If results are confirmed by further larger studies, surgical procedures that completely avoid invasiveness and trauma at the level of superior cavo-atrial junction should probably be preferred in pediatric patients. Among the available techniques, although not free from other complications, the Warden procedure could be considered the safest and most reproducible (15). In our study population only one patient underwent the Warden procedure, and this was due exclusively to the surgeon’s preference. In view of our results and new insights, we believe that multicenter randomized prospective studies are needed to compare the arrhythmogenic effects of the Warden and double-patch techniques in children. In adult patients, in whom Warden procedure may present technical challenges in view of a lower mobility of the SVC, the double-patch technique will remain our preferred approach. Further studies are needed to specifically investigate the impact of EAR during growth in the pediatric population and to validate the protocol that will currently advocate at our institution.
The retrospective nature and the relatively small sample size are the main limitations of the present study. The bias may potentially be less if we take into account the consistency of a single center and the homogeneous surgical strategy, nevertheless larger and prospective studies are certainly warranted.
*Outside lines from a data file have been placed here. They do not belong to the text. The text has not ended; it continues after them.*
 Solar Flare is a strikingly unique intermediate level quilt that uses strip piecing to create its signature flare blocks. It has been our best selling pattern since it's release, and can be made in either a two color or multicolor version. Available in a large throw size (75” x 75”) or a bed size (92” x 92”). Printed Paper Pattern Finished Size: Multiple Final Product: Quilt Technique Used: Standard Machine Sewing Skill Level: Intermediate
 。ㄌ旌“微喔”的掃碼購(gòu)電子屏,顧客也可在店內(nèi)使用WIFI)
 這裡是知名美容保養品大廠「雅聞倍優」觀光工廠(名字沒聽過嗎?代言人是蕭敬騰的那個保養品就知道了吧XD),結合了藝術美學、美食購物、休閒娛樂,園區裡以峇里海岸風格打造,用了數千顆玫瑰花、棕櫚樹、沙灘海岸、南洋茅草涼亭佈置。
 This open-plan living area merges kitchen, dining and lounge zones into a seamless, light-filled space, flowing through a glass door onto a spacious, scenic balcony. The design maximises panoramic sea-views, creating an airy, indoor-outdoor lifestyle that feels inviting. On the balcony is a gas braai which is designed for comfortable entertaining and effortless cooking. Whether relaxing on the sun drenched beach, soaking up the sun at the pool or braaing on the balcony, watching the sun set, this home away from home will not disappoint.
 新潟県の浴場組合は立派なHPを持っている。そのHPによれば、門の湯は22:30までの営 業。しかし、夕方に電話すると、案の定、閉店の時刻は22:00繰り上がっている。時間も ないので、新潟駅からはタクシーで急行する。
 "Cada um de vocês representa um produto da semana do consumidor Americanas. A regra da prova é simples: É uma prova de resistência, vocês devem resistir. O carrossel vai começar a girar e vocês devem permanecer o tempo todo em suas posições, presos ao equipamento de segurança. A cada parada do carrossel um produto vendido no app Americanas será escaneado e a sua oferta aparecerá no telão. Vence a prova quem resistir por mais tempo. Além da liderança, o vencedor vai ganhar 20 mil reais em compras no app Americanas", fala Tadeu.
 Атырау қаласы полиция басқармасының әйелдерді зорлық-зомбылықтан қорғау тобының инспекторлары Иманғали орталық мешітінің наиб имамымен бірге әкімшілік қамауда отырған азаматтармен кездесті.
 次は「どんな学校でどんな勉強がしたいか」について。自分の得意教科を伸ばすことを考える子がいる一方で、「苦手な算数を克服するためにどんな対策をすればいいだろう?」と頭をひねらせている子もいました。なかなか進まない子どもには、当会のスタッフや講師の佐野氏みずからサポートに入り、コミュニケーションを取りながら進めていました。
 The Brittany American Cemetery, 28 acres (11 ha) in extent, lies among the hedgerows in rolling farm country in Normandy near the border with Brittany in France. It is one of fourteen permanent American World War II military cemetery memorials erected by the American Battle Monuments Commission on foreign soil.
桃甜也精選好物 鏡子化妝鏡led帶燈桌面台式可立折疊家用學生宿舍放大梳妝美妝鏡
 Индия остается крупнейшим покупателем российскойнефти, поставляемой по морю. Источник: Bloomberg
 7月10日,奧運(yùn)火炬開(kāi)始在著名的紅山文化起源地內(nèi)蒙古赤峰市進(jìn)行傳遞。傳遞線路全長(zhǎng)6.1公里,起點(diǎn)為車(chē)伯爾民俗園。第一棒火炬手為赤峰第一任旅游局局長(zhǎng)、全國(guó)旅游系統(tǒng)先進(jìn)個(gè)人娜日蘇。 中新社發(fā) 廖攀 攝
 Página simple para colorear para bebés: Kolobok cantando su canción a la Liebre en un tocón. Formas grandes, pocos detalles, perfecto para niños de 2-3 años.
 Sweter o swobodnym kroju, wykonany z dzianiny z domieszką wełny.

We also acknowledge that the follow-up was not complete for all patients, as 45 of them were lost at follow-up and were therefore excluded from the analysis. Nonetheless, their demographic and surgical characteristics were not dissimilar to those of patients who completed the follow-up.
The surgical management of PAPVC with sinus venosus ASD, requiring superior cavo-atrial incision, is associated with high incidence of postoperative SND (16). In our experience, this finding has been significantly higher among pediatric patients, probably due to the smaller cavo-atrial junction size and the subsequent close proximity of the SA node to the PV connection site and surgical incision, hence increasing the risk of iatrogenic damage. Surgical techniques which avoid manipulation of the superior cavo-atrial junction should therefore be preferred in pediatric patients.